---- SOURCE MATERIAL
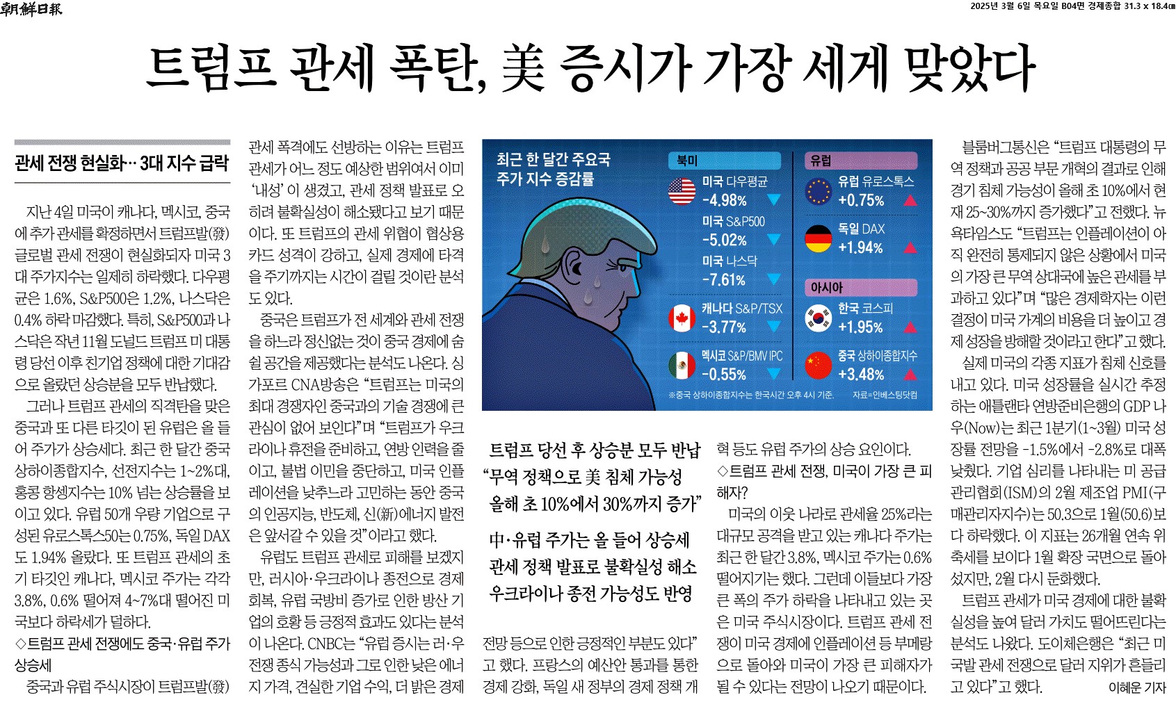 ① 지난 4일 미국이 캐나다, 멕시코, 중국에 추가 관세를 확정하면서 트럼프발(發) 글로벌 관세 전쟁이 현실화되자 미국 3대 주가지수는 일제히 하락했다. 다우평균은 1.6%, S&P500은 1.2%, 나스닥은 0.4% 하락 마감했다. 특히, S&P500과 나스닥은 작년 11월 도널드 트럼프 미 대통령 당선 이후 친기업 정책에 대한 기대감으로 올랐던 상승분을 모두 반납했다.
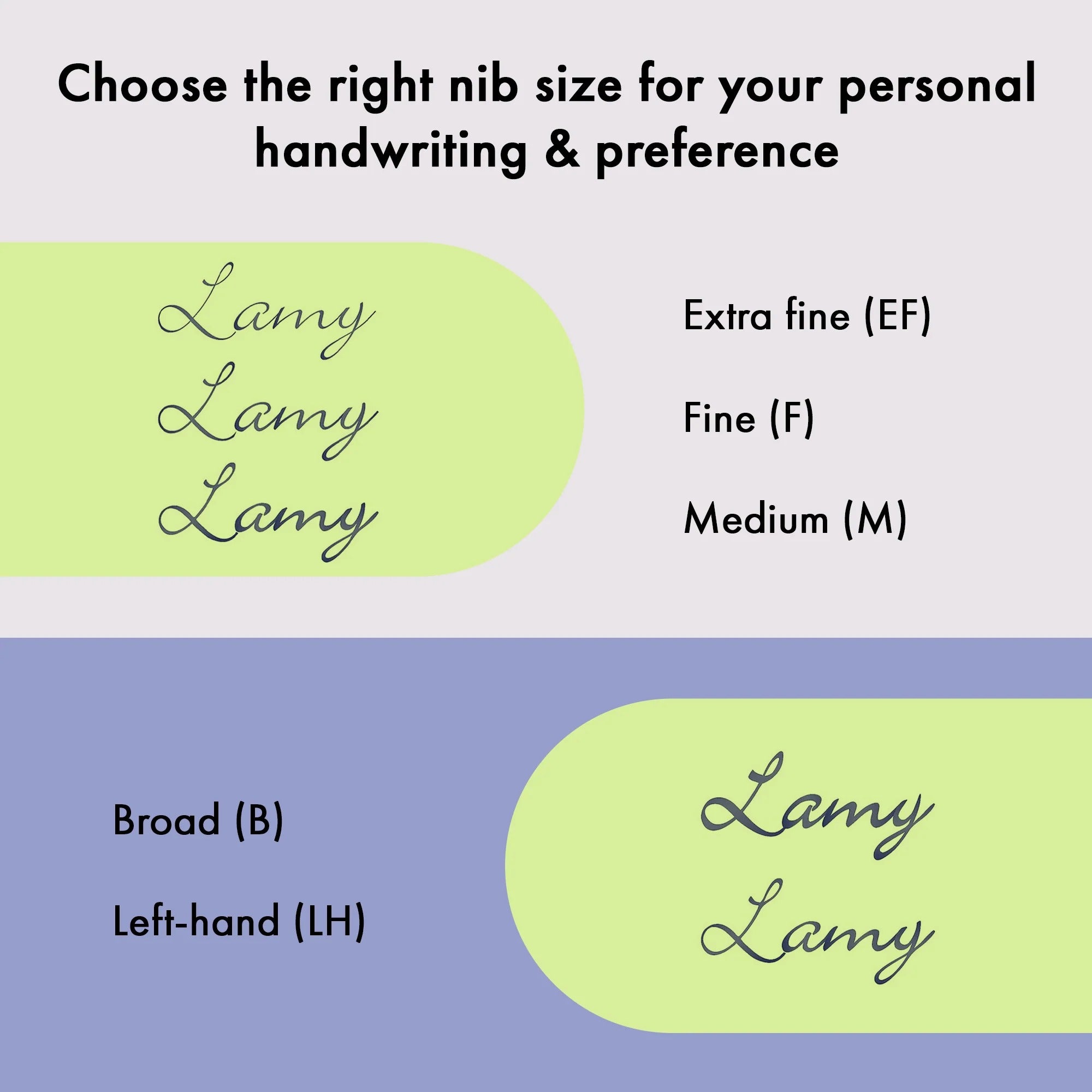 Equipada con un plumín negro de acero inoxidable pulido, la Safari garantiza una escritura suave y precisa. Se entrega con un cartucho de tinta azul LAMY T10 y es compatible con convertidor LAMY Z28 para quienes prefieren tintero.
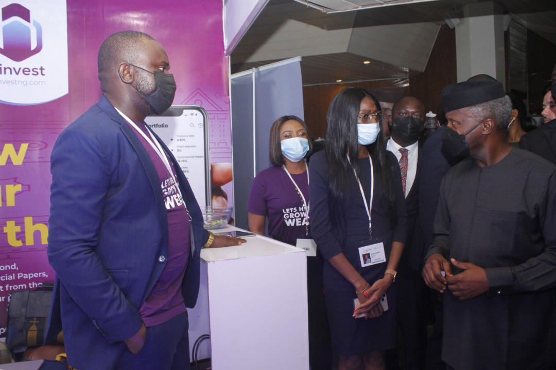 From left: Franklyne Ikediasor, Product Marketing Manager I-invest, Jennifer Omame, Product Manager, I-invest, Ibilola Ashcroft, Vice President, Operations, I-invest, His Excellency, Professor Yemi Osinbajo, GCON, SAN, Vice President, Federal Republic of Nigeria and Asue Ighodalo, Chairman, Nigeria Economic Summit Group discussing investment opportunities at the I-invest booth during the 27th Nigerian Economic Summit at the Transcorp Hilton, Abuja.
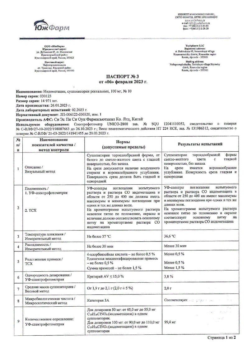 Индометацин 100 мг 10 шт суппозитории ректальные
--------
ACTIVITY: Write the material above out again exactly. Omit every image.

ANSWER TO THIS TASK:
 ① 지난 4일 미국이 캐나다, 멕시코, 중국에 추가 관세를 확정하면서 트럼프발(發) 글로벌 관세 전쟁이 현실화되자 미국 3대 주가지수는 일제히 하락했다. 다우평균은 1.6%, S&P500은 1.2%, 나스닥은 0.4% 하락 마감했다. 특히, S&P500과 나스닥은 작년 11월 도널드 트럼프 미 대통령 당선 이후 친기업 정책에 대한 기대감으로 올랐던 상승분을 모두 반납했다.
 Equipada con un plumín negro de acero inoxidable pulido, la Safari garantiza una escritura suave y precisa. Se entrega con un cartucho de tinta azul LAMY T10 y es compatible con convertidor LAMY Z28 para quienes prefieren tintero.
 From left: Franklyne Ikediasor, Product Marketing Manager I-invest, Jennifer Omame, Product Manager, I-invest, Ibilola Ashcroft, Vice President, Operations, I-invest, His Excellency, Professor Yemi Osinbajo, GCON, SAN, Vice President, Federal Republic of Nigeria and Asue Ighodalo, Chairman, Nigeria Economic Summit Group discussing investment opportunities at the I-invest booth during the 27th Nigerian Economic Summit at the Transcorp Hilton, Abuja.
 Индометацин 100 мг 10 шт суппозитории ректальные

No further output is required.